» **Aim of the exercise**: Apart from the pictures, print the data below exactly as given.

» **Data**:
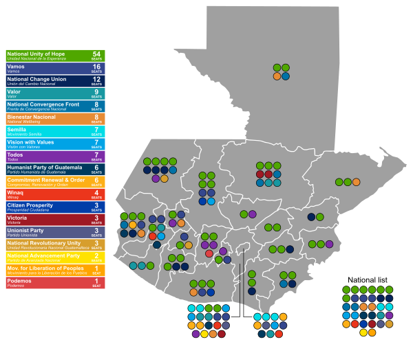 Конгресс Гватемалы состоит из 158 членов. Депутаты избираются двумя способами: 127 мест распределяются по 22 многомандатным избирательным округам, соответствующим департаментам, а оставшиеся 31 депутат — по единому общенациональному округу. Места распределяются по закрытым партийным спискам на основе пропорционального представительства, рассчитываемого по методу Д’Ондта[4].
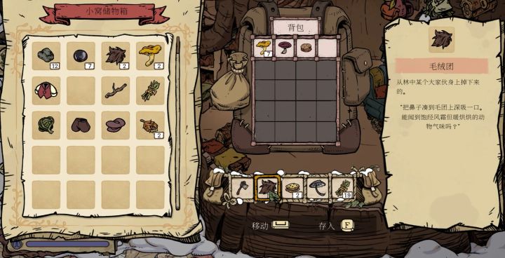 身处严冬,小老鼠每次外出都必须注意保暖,游戏分为白天与夜晚两个阶段,偶尔还会出现极端天气暴风雪。在夜晚或大雪天气中,小老鼠的体温急速下降,需要依靠篝火或吃食物恢复体温,高品质的衣服也能增强一定抗寒值,但终究不是权宜之策。在我实际体验中,每到夜晚通常都会选择回家睡觉,一方面是在家中我们能为下次外出做一些准备以及规划,另一方面是小老鼠的背包空间十分有限,即便在剧情后解锁更多空间,对于我这种喜欢什么都想拿的玩家来说也是不够用的,需要时刻要回家存放,不过游戏的储存箱又是令我难受的一点,其主要原因是物品不会自动堆叠以及没有一键整理(至少我没发现),虽然储存箱里的东西可以随时使用,但当我们要找某些物品时会发现比较混乱,而且游戏的键鼠适配在部分情况下并没有那么舒适。
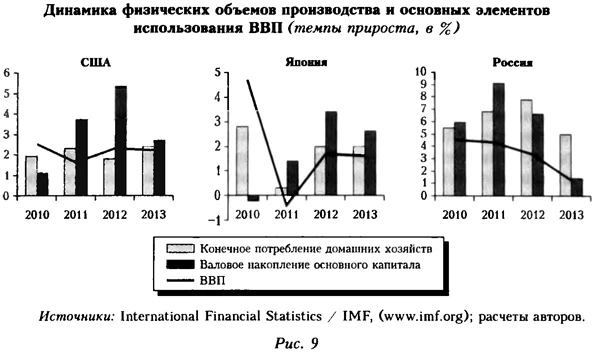 Как следствие, монетарным властям США и Японии, наиболее активно задействовавшим стимулирующие программы, несмотря на вялый экономический рост, удалось повысить инвестиционную привлекательность национальных экономик и обеспечить опережающие темпы роста валового накопления основного капитала. Так, в США в 2011-2013 гг. при среднегодовом приросте ВВП на 2% объем валового накопления основного капитала увеличивался на 4%. Аналогичная ситуация и в японской экономике: при среднегодовом росте производства в этот период на 0,8% валовое накопление основного капитала возрастало на 2,5%. В российской экономике, напротив, именно сокращение инвестиционной активности, отражающее перспективы долгосрочного вложения финансовых ресурсов, первым отреагировав на негативные процессы и формирующиеся риски, повлекло за собой снижение общеэкономической динамики (рис. 9).

» **The completed task**:
 Конгресс Гватемалы состоит из 158 членов. Депутаты избираются двумя способами: 127 мест распределяются по 22 многомандатным избирательным округам, соответствующим департаментам, а оставшиеся 31 депутат — по единому общенациональному округу. Места распределяются по закрытым партийным спискам на основе пропорционального представительства, рассчитываемого по методу Д’Ондта[4].
 身处严冬,小老鼠每次外出都必须注意保暖,游戏分为白天与夜晚两个阶段,偶尔还会出现极端天气暴风雪。在夜晚或大雪天气中,小老鼠的体温急速下降,需要依靠篝火或吃食物恢复体温,高品质的衣服也能增强一定抗寒值,但终究不是权宜之策。在我实际体验中,每到夜晚通常都会选择回家睡觉,一方面是在家中我们能为下次外出做一些准备以及规划,另一方面是小老鼠的背包空间十分有限,即便在剧情后解锁更多空间,对于我这种喜欢什么都想拿的玩家来说也是不够用的,需要时刻要回家存放,不过游戏的储存箱又是令我难受的一点,其主要原因是物品不会自动堆叠以及没有一键整理(至少我没发现),虽然储存箱里的东西可以随时使用,但当我们要找某些物品时会发现比较混乱,而且游戏的键鼠适配在部分情况下并没有那么舒适。
 Как следствие, монетарным властям США и Японии, наиболее активно задействовавшим стимулирующие программы, несмотря на вялый экономический рост, удалось повысить инвестиционную привлекательность национальных экономик и обеспечить опережающие темпы роста валового накопления основного капитала. Так, в США в 2011-2013 гг. при среднегодовом приросте ВВП на 2% объем валового накопления основного капитала увеличивался на 4%. Аналогичная ситуация и в японской экономике: при среднегодовом росте производства в этот период на 0,8% валовое накопление основного капитала возрастало на 2,5%. В российской экономике, напротив, именно сокращение инвестиционной активности, отражающее перспективы долгосрочного вложения финансовых ресурсов, первым отреагировав на негативные процессы и формирующиеся риски, повлекло за собой снижение общеэкономической динамики (рис. 9).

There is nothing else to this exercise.